1. A computer-implemented method for providing World Wide Web (“Web”) search results to a particular computer user based on the popularity of the search results with other computer users, the method comprising:
monitoring, using one or more servers, at least one Web service for new actions of sharing of Web content by computer users;
identifying, from the new actions of sharing of Web content by computer users, a data item that satisfies predetermined interestingness criteria;
parsing the data item to obtain at least one Uniform Resource Locator (URL);
crawling at least one Web page corresponding to the at least one URL to obtain the content of the at least one Web page;
analyzing the content of the at least one Web page; and
updating an index based on the content of the at least one Web page, the index being usable in processing a Web search query from the particular user.
2. The computer-implemented method of claim 1, further comprising:
receiving, at a search server hosting a Web search engine, a search query from the particular computer user;
identifying, using the index, one or more URLs that are relevant to the search query;
ranking the one or more URLs that are relevant to the search query to produce a set of ranked URLs; and
presenting the set of ranked URLs to the particular computer user as search results.

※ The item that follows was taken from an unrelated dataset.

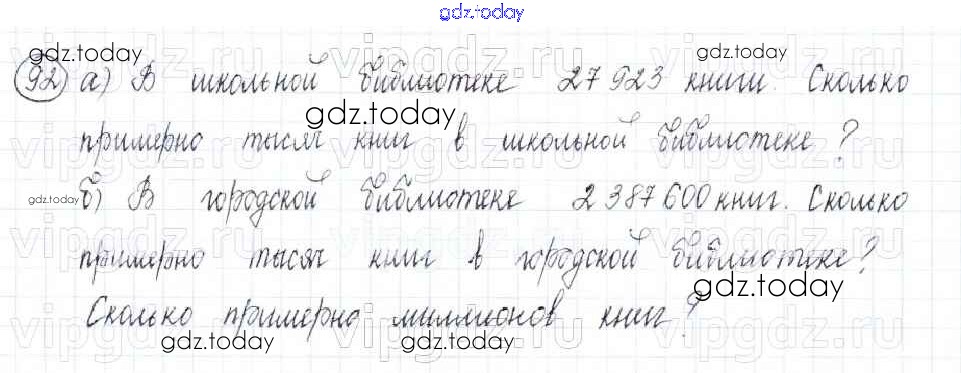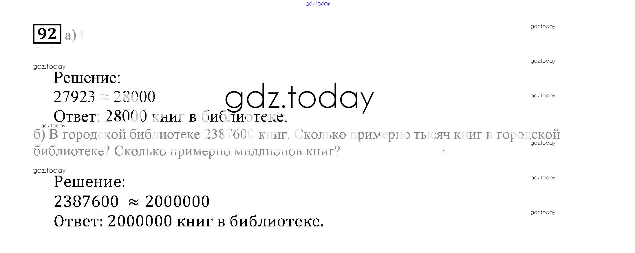 На страницах сайта gdz.today вы найдете учебный и вспомогательный материал, направленный на улучшения знаний школьной программы. ГДЗ - онлайн мир знаний Решение. Упражнения 92 Учебнику по Математике для 5 класса Бунимович, Дорофеев Просвещение Сферы 2014

3. The computer-implemented method of claim 2, wherein the search results are supplemented with additional information about the URLs in the set of ranked URLs.
4. The computer-implemented method of claim 3, wherein the additional information about a URL in the set of ranked URLs is obtained through at least one of the parsing of the data item in which the URL in the set of ranked URLs was found and analyzing content corresponding to the URL in the set of ranked URLs.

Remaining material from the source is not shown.